Sabah'ın erken saatinde uyandım. Mazhar hâlâ başını masaya koymuş bir şekilde uyuyor. Bütün gece benim için harp etti kendini, üstünde de birşey yok üşümüş müdür acaba. Elimi yüzüne tuttum baktım, yüzü sıcaktı. Yoksa benim ona dokunduğumdan dolayı mı ellerim ateşleniyordu bilmiyorum. Ne de güzel uyuyor kıyamam ki şimdi uyandırmaya. Elini tutum çok uyanmasın diye çok hafifçe.
"Ne güzel adamsın sen. Sen ordan gözlerini açıp bir bana bakıyorsun içimde ki buz dağları eriyim devriliyor, sen bi gülüyorsun çıkıveriyor aniden en güzel gökkuşağı. Herşey seninle başlıyor seninle bitiyor.Sol yanın en güzel köşesini sana adadım canımın içi. İyi ki varsın iyi ki...Ne demiş Cemal Süreya;
"Sana rastlamak mutluluktu; sana sahip olmak başka bir şey,
başka bir ad bulmak gerek;
"içine taşınması" gibi bir şey insanın..."Birden Mazhar hareketlendi ben elimi çektim hay aksi uyandırmış mıydı
M: Öğrenmişsin çekirge.
R: Yaa ya ama sen uyumuyor muydun?! Hem ne zaman uyandın sen bakayım.

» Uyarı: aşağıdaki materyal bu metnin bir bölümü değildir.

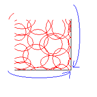 Fill your square with your overlapping design. Overlap the edges of the square to two sides of the square (here the left and top), but not to the other two sides. |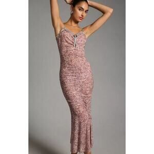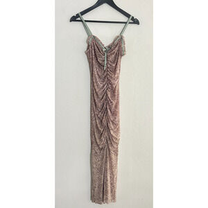 Anthropologie S Dress Mesh Ruched Midi Mauve Strappy Semi Sheer NEW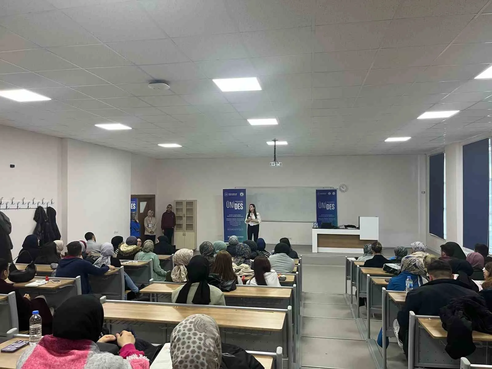 Üniversitede düzenlenen programda öğrencilere, kulak sağlığı ile alakalı bilgiler aktaran Odyolog Ayşenur Kobal, kulak sağlığının korunmasının, sadece işitme değil denge, iletişim ve yaşam kalitesi açısından ne kadar önemli olduğunu anlattı. Kobal, kulakta oluşabilecek enfeksiyonlar, işitme kaybının erken belirtileri, yüksek sese maruz kalmanın zararları hakkında bilgi vererek, düzenli işitme testlerinin önemine değindi. Öğrencilere konuyla alakalı bilgilerin verilmesinin ardından denge hareketleri yapıldı, öğrencilerden gelen sorular yanıtlandı.

M: Kalbimde gökkuşakları açtırdığın andan itibaren.Ellerimi kavuşturdum o ise yüze gülümsüyordu. Pis fırsatçı uyuyor diye aşka geldik iki üç kelam ettik meğerse beni dinliyormuş Sayko.
R: Sen var ya sen.
M: Eeee ben var ya ben.
R:Söylemiycem. Hem ben niye burada vakit kaybediyorum ki derse geç kalıcam.Tam ayağa kalkarken ellerimi tııttu beni tekrar sandalyeye oturttu;
"Senin bu ellerinde ne var bilmiyorum göğe bakalım
Tuttukca güçleniyorum kalabalık oluyorum
Bu senin eski zaman gözlerin yalnız gibi ağaçlar gibi...
Bir ellerin bir ellerim yeter belliyelim yetsin
Seni aldım bana ayırdım durma kendini hatırlat
Durma kendini hatırlat
Durma göğe bakalım."M: Asıl sen benim gökkuşağımsın küçüğüm bu konuda bir anlaşalım. Baktıkça rengarenk çiçekler açtıran içimde. Oldu mu?
R: Oldu yakışıklı.
M: Ya şuna bak şimdi. Bu arada kime ait bakalım bu şiir çekirge.
R: Tabii ki Turgut Uyar. Onu da bilmiyorsak yaşamayalım artık.
M: Hee şöyle. Gözüme girdin çekirge.
R: Valla mı?
M: Valla bak.
R: O zaman helal olsun bana senin gibi birinin de gözüne de girdiysem artık. Alkış bana şak şak.
M: Senin gibi...
R:Ya...ni senim gibi tatlı, sevimli, yakışıklı, karizmatik. Haiyyy benim hazırlamam lazım ama.Dedim hemen kaçarcasına odama geçtim. Mazhar arkamdan söyleniyordu;
- Bu meseleyi sonra konuşucaz küçük hanım.
Mazhar beni okula bıraktı. Yolda da biraz tekrar yaptım. Bu sınavı geçemezsem dilinden kurtulamazdım artık.Bana moral vermeyi de ihmal etmeden o direk ofise ben de sınıfıma geçtim.
Mazhar'lar ofiste ihalesi olacak projeyle ilgili çalışıyorlardı. Birden telefon çaldı;
- Bu sana son ihtar Mazhar efendi ya bu akşama kadar bu ihaleden çekilirsiniz ya da olacaklardan biz sorumlu değiliz.
M: Yineeee mi siz...Adam telefonu Mazhar'ın yüzüne kapatır.
D: Ne oldu Mazhar abi yoksa yine onlar...
M: Evet o magandalar.
H: Bu sefer ne diyorlar.
M: Yine aynı şey bu akşama kadar çekilecekmişiz falan filan.
Ö: Mazhar artık bir polise falan haber vermekiyiz biliyorsun değil mi?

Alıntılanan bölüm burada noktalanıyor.